**Items from a dataset**:

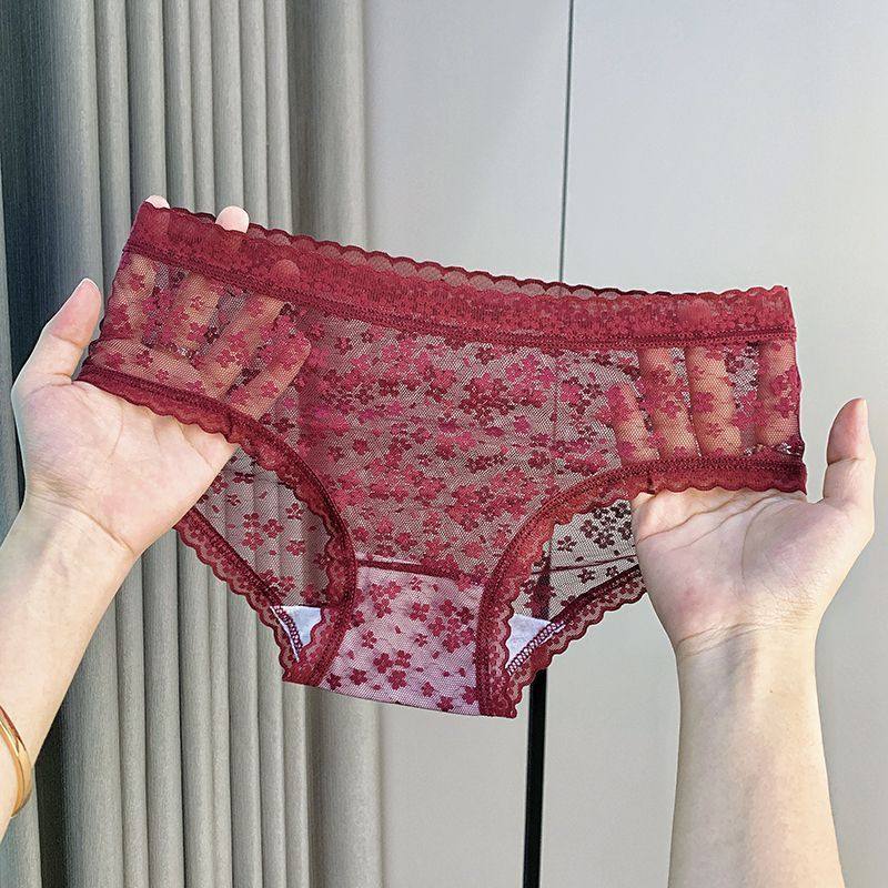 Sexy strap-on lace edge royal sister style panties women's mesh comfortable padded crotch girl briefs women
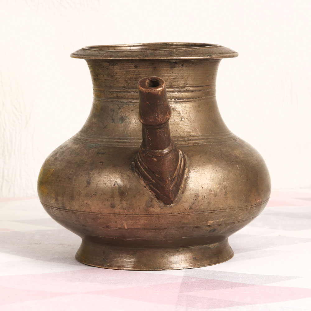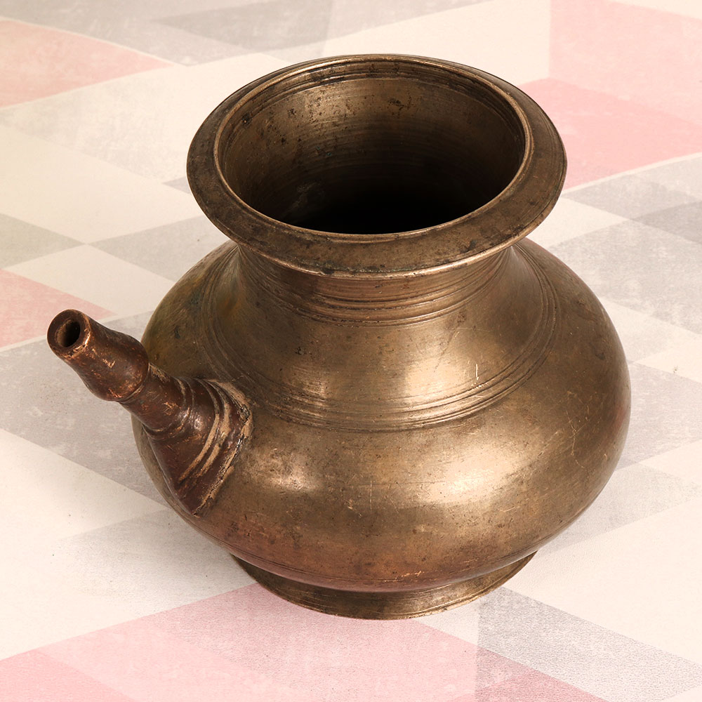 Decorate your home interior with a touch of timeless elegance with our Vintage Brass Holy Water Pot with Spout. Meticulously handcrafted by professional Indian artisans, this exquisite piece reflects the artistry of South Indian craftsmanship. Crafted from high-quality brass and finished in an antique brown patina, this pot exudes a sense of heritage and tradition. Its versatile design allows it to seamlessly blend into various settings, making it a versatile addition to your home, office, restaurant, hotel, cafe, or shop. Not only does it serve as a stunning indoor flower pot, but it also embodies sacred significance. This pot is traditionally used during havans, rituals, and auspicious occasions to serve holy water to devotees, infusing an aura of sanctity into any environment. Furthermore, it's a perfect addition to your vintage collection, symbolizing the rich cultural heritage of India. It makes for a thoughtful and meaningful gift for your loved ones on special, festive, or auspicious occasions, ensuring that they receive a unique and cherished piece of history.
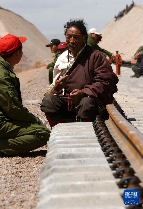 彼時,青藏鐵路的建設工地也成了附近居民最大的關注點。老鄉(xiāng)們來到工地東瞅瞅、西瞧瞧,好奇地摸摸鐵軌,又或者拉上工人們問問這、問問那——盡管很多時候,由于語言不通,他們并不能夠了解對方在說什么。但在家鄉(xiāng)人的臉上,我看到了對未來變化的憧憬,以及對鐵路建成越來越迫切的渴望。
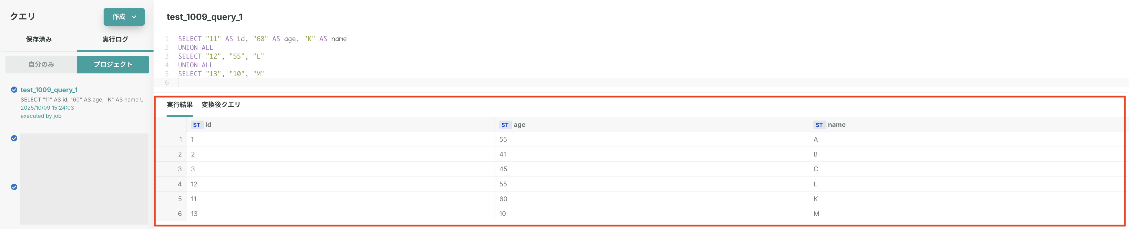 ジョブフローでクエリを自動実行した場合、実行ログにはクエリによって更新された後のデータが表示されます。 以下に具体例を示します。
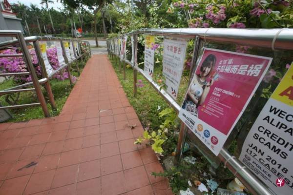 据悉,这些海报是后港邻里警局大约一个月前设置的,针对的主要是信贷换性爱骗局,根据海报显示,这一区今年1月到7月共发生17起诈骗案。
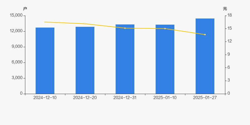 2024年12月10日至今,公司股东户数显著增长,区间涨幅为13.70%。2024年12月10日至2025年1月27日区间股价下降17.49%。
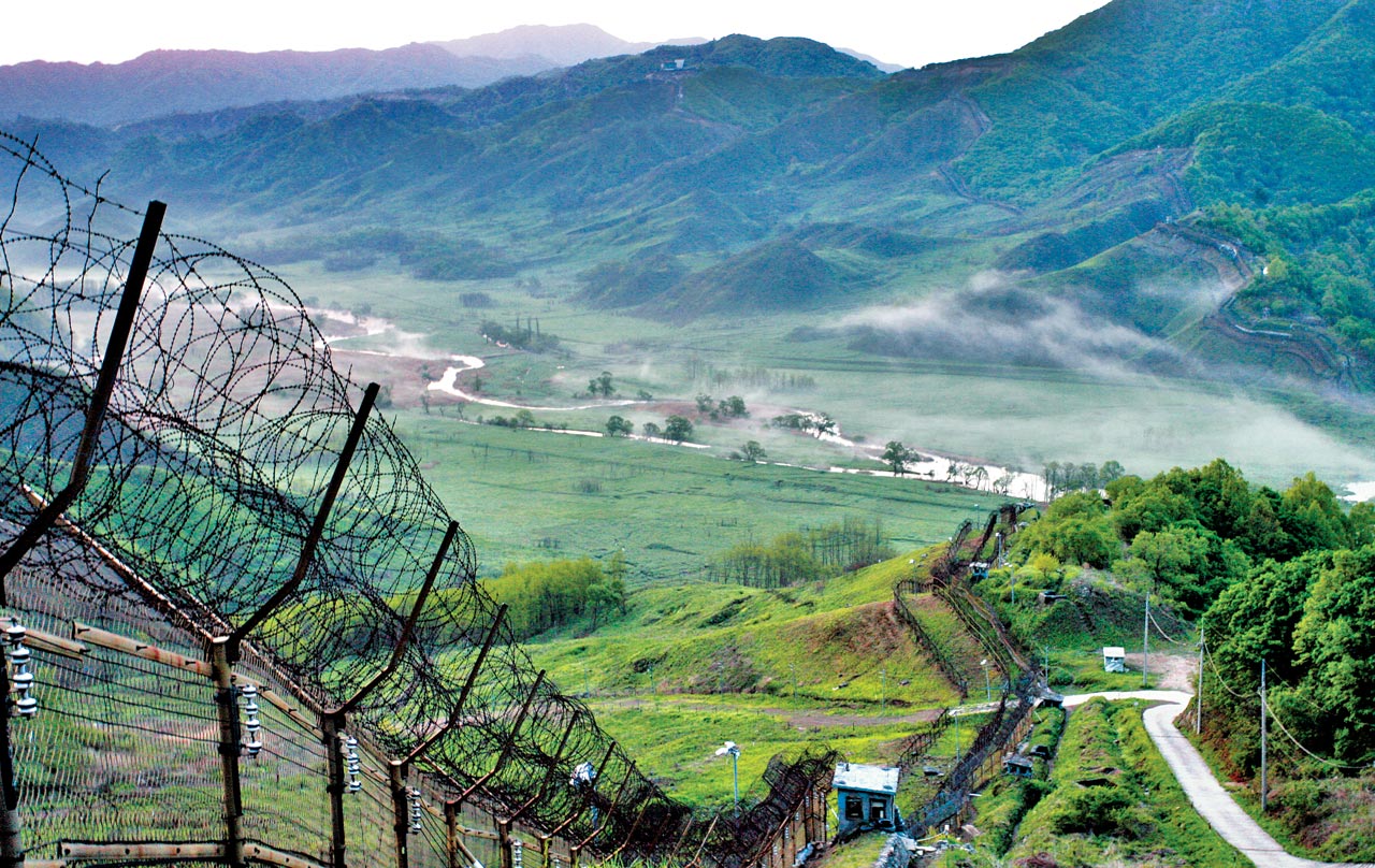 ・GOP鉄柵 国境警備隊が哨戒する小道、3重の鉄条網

**Exercise details**: Word for word, retype the lines in the entries above that run from the one with "Decorate your home" through the one with "彼時,青藏鐵路的建設工地也成". Both ends count; pictures do not.

**Response**:
 Decorate your home interior with a touch of timeless elegance with our Vintage Brass Holy Water Pot with Spout. Meticulously handcrafted by professional Indian artisans, this exquisite piece reflects the artistry of South Indian craftsmanship. Crafted from high-quality brass and finished in an antique brown patina, this pot exudes a sense of heritage and tradition. Its versatile design allows it to seamlessly blend into various settings, making it a versatile addition to your home, office, restaurant, hotel, cafe, or shop. Not only does it serve as a stunning indoor flower pot, but it also embodies sacred significance. This pot is traditionally used during havans, rituals, and auspicious occasions to serve holy water to devotees, infusing an aura of sanctity into any environment. Furthermore, it's a perfect addition to your vintage collection, symbolizing the rich cultural heritage of India. It makes for a thoughtful and meaningful gift for your loved ones on special, festive, or auspicious occasions, ensuring that they receive a unique and cherished piece of history.
 彼時,青藏鐵路的建設工地也成了附近居民最大的關注點。老鄉(xiāng)們來到工地東瞅瞅、西瞧瞧,好奇地摸摸鐵軌,又或者拉上工人們問問這、問問那——盡管很多時候,由于語言不通,他們并不能夠了解對方在說什么。但在家鄉(xiāng)人的臉上,我看到了對未來變化的憧憬,以及對鐵路建成越來越迫切的渴望。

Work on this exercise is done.